Tout a commencé par un message aussi clair que mystérieux, reçu le 3 avril 2015 par Bastian Obermayer alors qu'il est en visite chez ses parents: «Hello. Ici John Doe. Intéressé par des données? Je les partage volontiers.»

«Mes enfants n'arrêtaient pas de vomir, ce jour-là. Ma femme n'était pas bien non plus. Inutile de dire que je n'avais pas vraiment la tête à travailler, raconte en rigolant le trentenaire. Mais j'ai été interpellé par le côté très direct, focalisé, de ce John Doe. Cette personne n'avait pas écrit un message s'étirant sur plusieurs pages, ni utilisé des lettres majuscules pour tenter de me convaincre de l'importance de son message. J'ai donc décidé de lui répondre que j'étais en effet intéressé, entre autres parce qu'on ne sait jamais combien d'autres journalistes ont été approchés de la même manière et que je m'en serais voulu si un scoop me passait ainsi sous le nez.»

Le journaliste du Süddeutsche Zeitung (SZ) était évidemment bien loin de se douter que plus d'un an plus tard, il serait toujours en train de prospecter les millions de documents coulés par celui ou celle se cachant derrière John Doe. Dont son collègue Frederik Obermaier et lui ont rapidement établi la fiabilité à défaut de son identité (John Doe demeure à ce jour anonyme), à partir des nombreuses données fournies par leur source et qu'ils ont pu recouper avec d'autres documents légaux pour les authentifier.

«Je sais que John Doe a tendu la perche à de grands journaux, qui n'ont jamais donné suite à son message, avant de me contacter. Pourquoi moi? Peut-être parce que le Süddeutsche Zeitung avait entre autres participé aux Lux Leaks [Lux pour Luxembourg, NDLA]. Et puis, l'un des fondateurs de la firme Mossack Fonseca étant originaire de chez nous, il y avait quelque chose de logique dans la démarche de John Doe: un journaliste allemand était plus susceptible d'être intéressé à creuser l'histoire», fait valoir Bastian Obermayer.

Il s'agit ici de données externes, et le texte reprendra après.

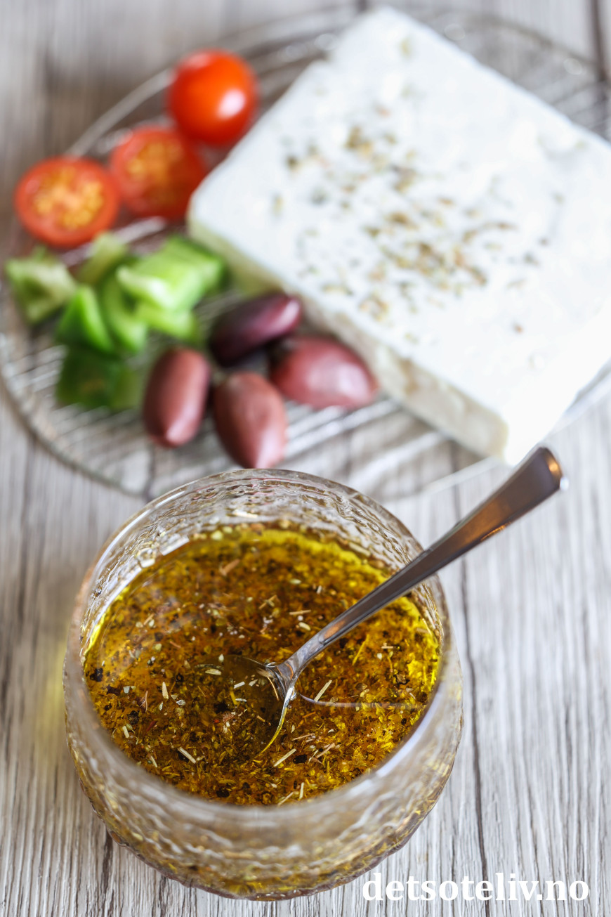 Kjempegod på klassisk Gresk salat (Horiatiki salata) eller en Gresk pastasalat, men også på en helt enkel, grønn salat.

Au fur et à mesure que les données parvenaient au SZ, les pistes à suivre se sont multipliées par 10, par 100, par 1000, par 10 000.

«Mais nous n'avons vraiment compris que nous tenions quelque chose de très, très gros que lorsque nous avons trouvé le nom du meilleur ami de Poutine, [le violoncelliste] Sergueï Roldouguine, dans les documents. Ce même Roldouguine qui avait notamment déclaré, dans une entrevue accordée au New York Times en 2014, qu'il était loin d'avoir des millions en banque!»

Et pourtant, le musicien servait déjà de prête-nom à son «meilleur ami», aussi père de sa filleule et président de la Russie...

L'union fait la force

Lorsque que Frederik Obermaier et lui ont aussi compris l'ampleur de la tâche et du nombre de manchettes potentielles dans plusieurs pays, ils ont fait ce que Bastian Obermayer avait promis à John Doe: trouvé d'autres journalistes intéressés à fouiller le tout avec eux. Il se sont alors tourné vers le Consortium international pour le journalisme d'investigation (CIJI) pour partager les données et obtenir de l'aide. Le projet a hérité de son propre nom de code: Prometheus.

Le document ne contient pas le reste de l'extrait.